Coherent optical writing and reading of the exciton spin state in single quantum dots

TL;DR

This paper demonstrates a method to coherently encode and decode the exciton spin state in single quantum dots using polarized light pulses, enabling precise optical control and readout of quantum information.

Contribution

It introduces a technique for direct optical writing and reading of exciton spin states in quantum dots via polarization-controlled laser pulses, establishing a one-to-one correspondence with light polarization states.

Findings

Successful mapping between light polarization and exciton spin states.

Real-time optical control of exciton spins in quantum dots.

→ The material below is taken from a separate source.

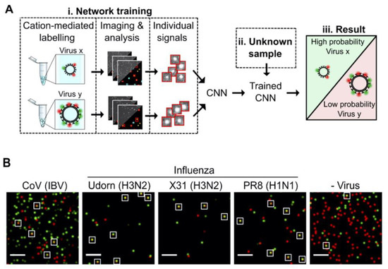 (A) Illustration of how the viruses are labeled and imaged to identify and classify different viruses using trained convolutional neural network (CNN). (B) Sample field of views for CoV (IBV), two strains of H3N2 influenza (A/Udorn/72 (Udorn), and A/Aichi/68 (X31)), an H1N1 influenza strain (A/PR8/8/34 (PR8)) detection, and a negative control. White boxes were used to point out merged red and green localizations as an example of colocalization. Scale bar, 10 μm. Reproduced with permission from [53]. Copyright © 2022 American Chemical Society.

Potential for quantum information applications using optical spin manipulation.

Abstract

We demonstrate a one to one correspondence between the polarization state of a light pulse tuned to neutral exciton resonances of single semiconductor quantum dots and the spin state of the exciton that it photogenerates. This is accomplished using two variably polarized and independently tuned picosecond laser pulses. The first "writes" the spin state of the resonantly excited exciton. The second is tuned to biexcitonic resonances, and its absorption is used to "read" the exciton spin state. The absorption of the second pulse depends on its polarization relative to the exciton spin direction. Changes in the exciton spin result in corresponding changes in the intensity of the photoluminescence from the biexciton lines which we monitor, obtaining thus a one to one mapping between any point on the Poincare sphere of the light polarization to a point on the Bloch sphere of the exciton spin.